Problem requirements ▸
If pictures appear among the lines below, leave them out while you return exactly the lines from the one with "BRINDA Blue - Russian" through the one with "Teilweise überdachte Terrasse".

+++ Records for processing +++

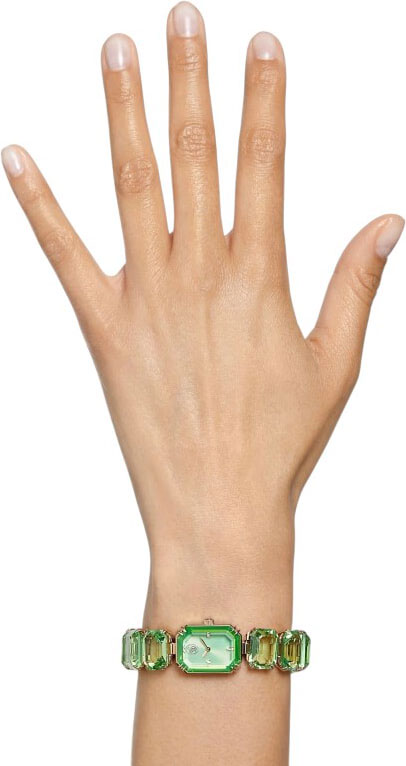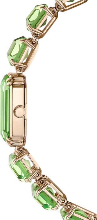 Женские кварцевые часы Millenia. Стальной восьмиугольный корпус с кристальным безелем. Зеленый циферблат с логотипом Swarovski в виде лебедя в положении 12 часов и метками в виде точек из кристаллов в положениях 3, 6 и 9 часов. Мечевидные стрелки в стиле Sword. Секундная стрелка отсутствует.
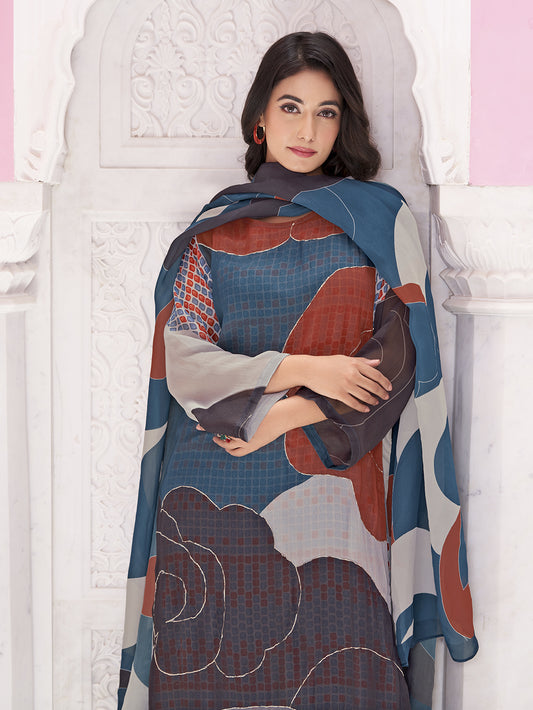 BRINDA Blue - Russian Suit Set With Attractive Handwork
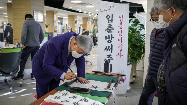 이날 이정일 작가가 재능기부로 참여해 주민을 대상으로 ‘입춘대길’과 ‘건양다경’ 등 글귀를 써줬다.
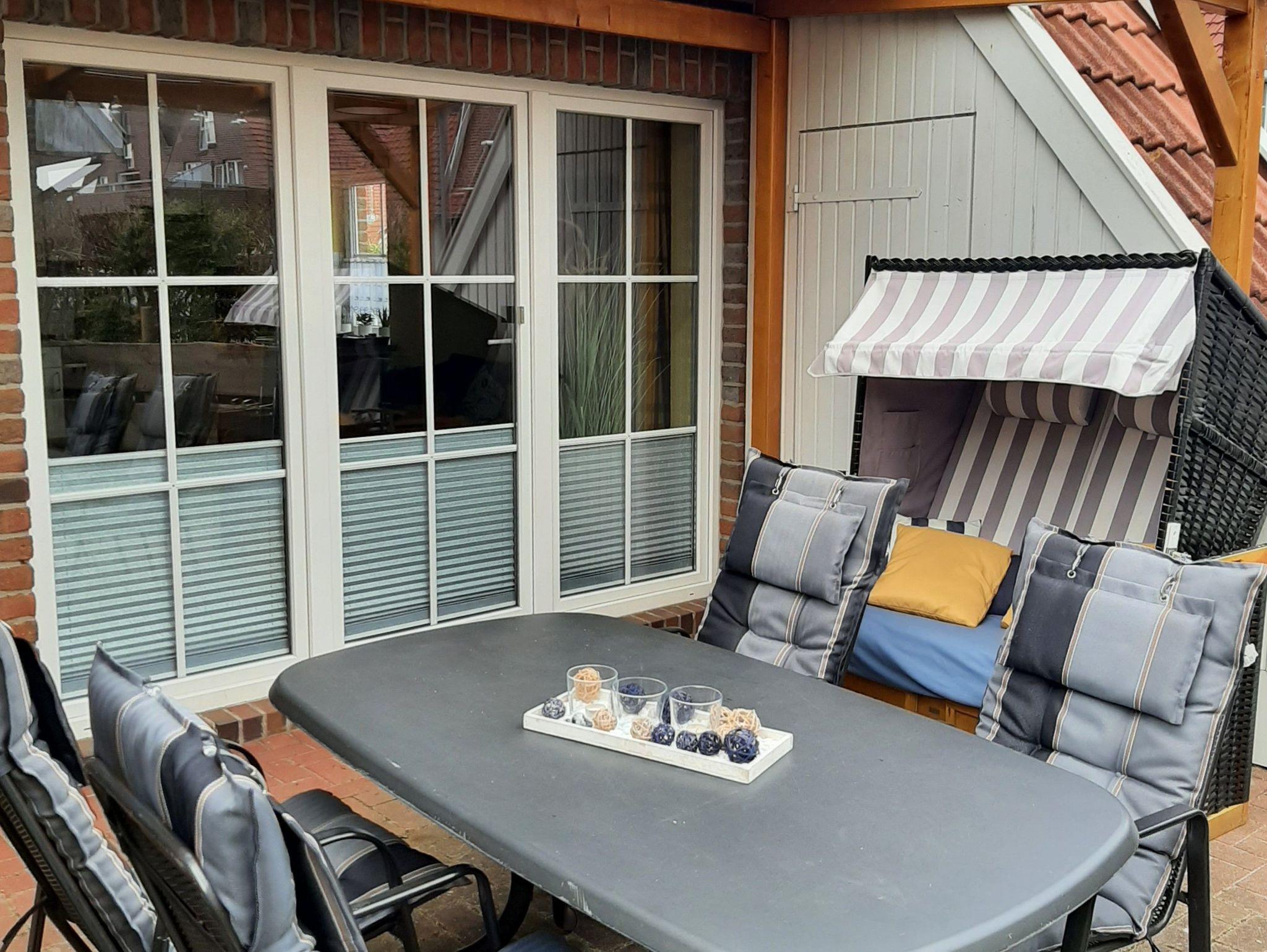 Teilweise überdachte Terrasse mit Tisch, 6 Stühlen inkl. Auflagen, Sonnenschirm und Strandkorb sowie einem Elektrogrill - aus Brandschutzgründen ist die Nutzung von Holzkohlegrills untersagt!
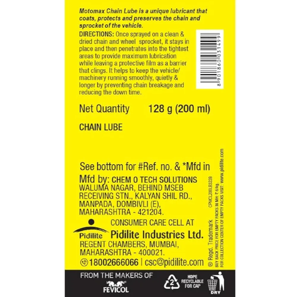 Cycling with solid fill Lubrication and corrosion protection of chains and sprockets::Cycling with solid fill COATS, PROTECTS AND PRESERVE: Motomax Chain Lube is a unique lubricant that coats, protects and preserves the chain and sprocket of vehicle; Forms a protective film on chain that avoids friction::Cycling with solid fill APPLICATION: Once sprayed on a clean & dried chain and wheel sprocket, it stays in place and then penetrates into the tightest areas to provide maximum lubrication while leaving a protective film as a barrier that clings:: Cycling with solid fill PREVENTS CHAIN BREAKAGE & KEEPS VEHICLE IN MOTION: It helps to keep the vehicle/machinery running smoothly, quietly & longer by preventing chain breakage and enhances chain life; Avoids Sling-off of chain.:: Cycling with solid fill Easy to use aerosol can.
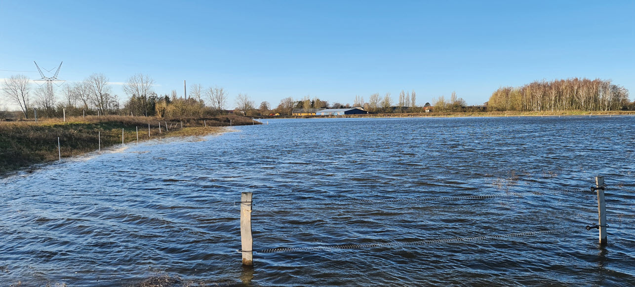 Figur 1: Coastal squeeze. En veludviklet strandeng med høj diversitet i 2020 foran dyrkede marker, oversvømmes ved havvandsstigninger (COWI-Arkitema, 2021).
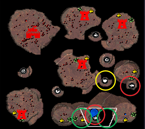 레벨이 올라가면서 능력치도 해금되는 만큼 레벨 때문이라도 이 힘든 시기를 견뎌내야 황금기가 올 것 같았다. 일단, 아래 미니맵에서 빨간색 원으로 칠해져 있는 것이 캠프이다. 해당 캠프의 몬스터들을 잡으면 루미나이트 자원을 받는데 그걸로 본진 바로 옆에 있는 멀티를 먹는 시기를 앞당길 수 있다.
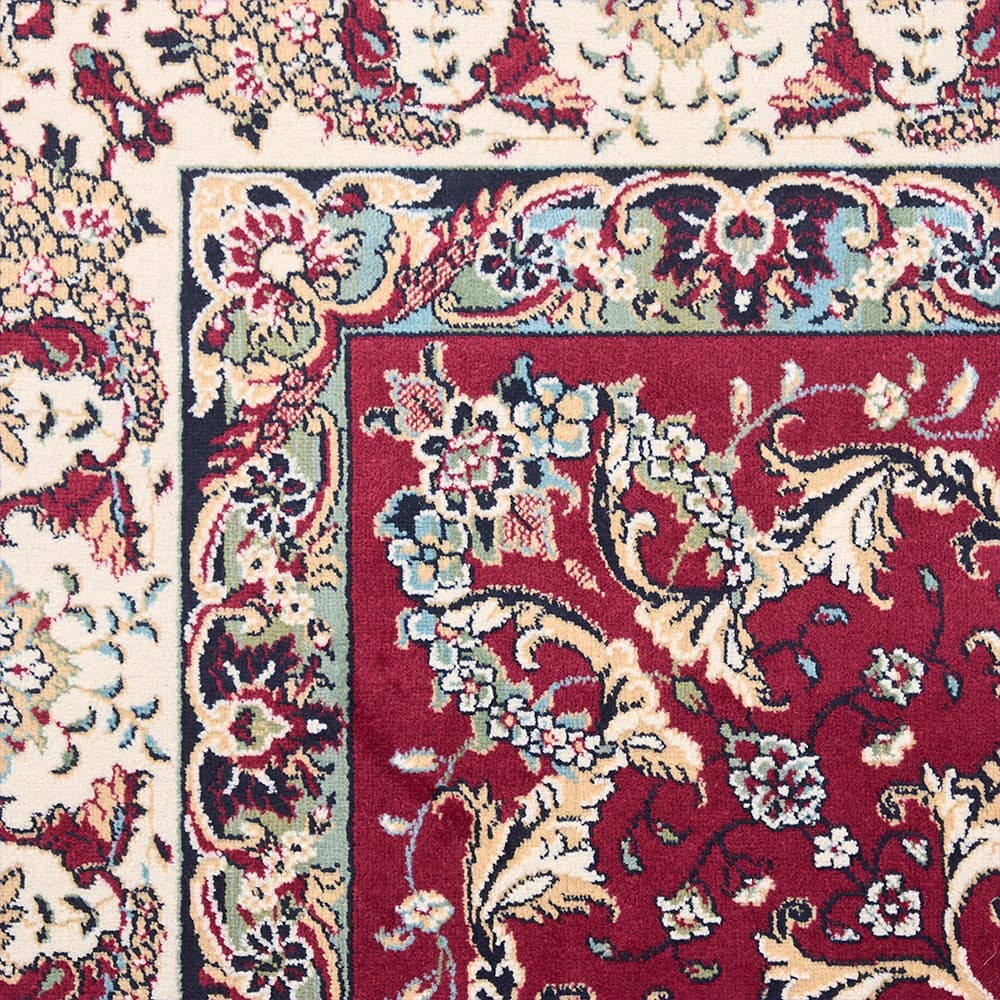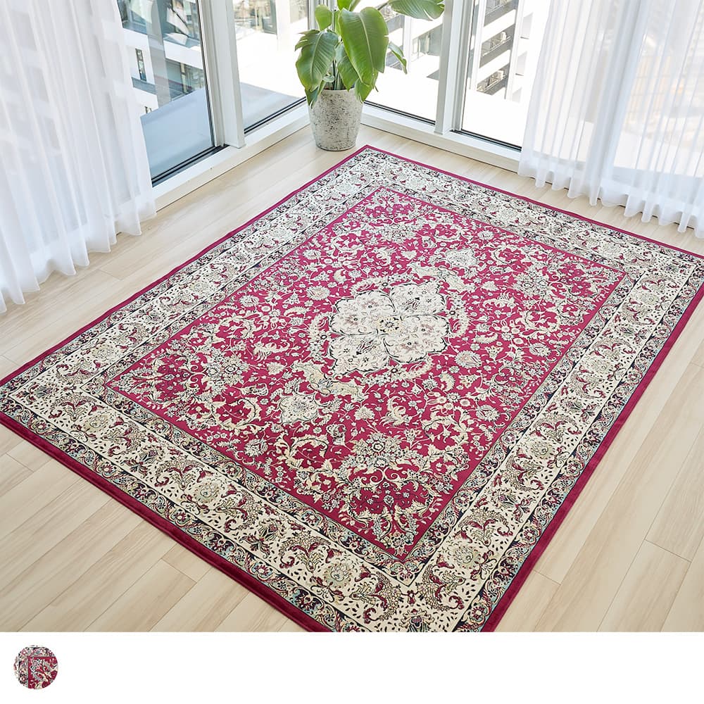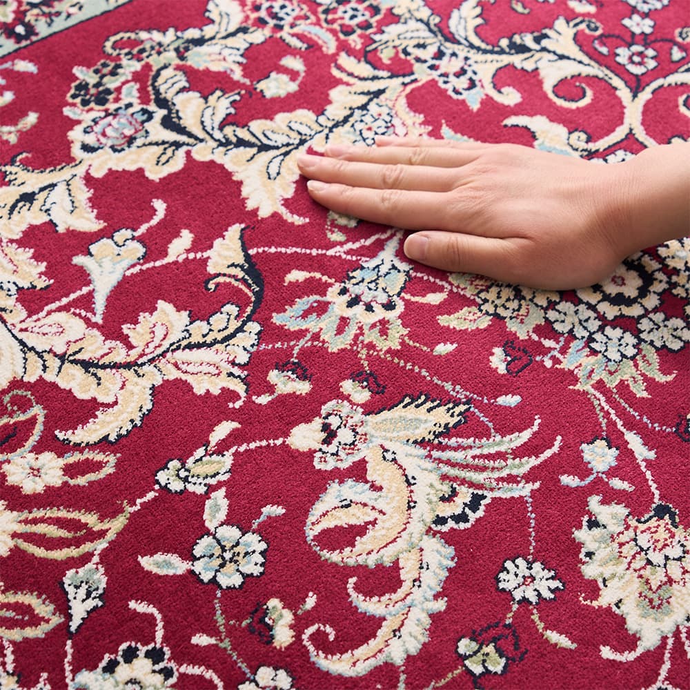 細部にこだわり精密にデザインされた草花のメダリオン模様は、思わず心奪われる美しさ。シックなレッド×アイボリーの重厚感ただよう色使いで、いつものお部屋を格上げしてくれる一枚です。

+++

Exercise output ▸
 BRINDA Blue - Russian Suit Set With Attractive Handwork
 이날 이정일 작가가 재능기부로 참여해 주민을 대상으로 ‘입춘대길’과 ‘건양다경’ 등 글귀를 써줬다.
 Teilweise überdachte Terrasse mit Tisch, 6 Stühlen inkl. Auflagen, Sonnenschirm und Strandkorb sowie einem Elektrogrill - aus Brandschutzgründen ist die Nutzung von Holzkohlegrills untersagt!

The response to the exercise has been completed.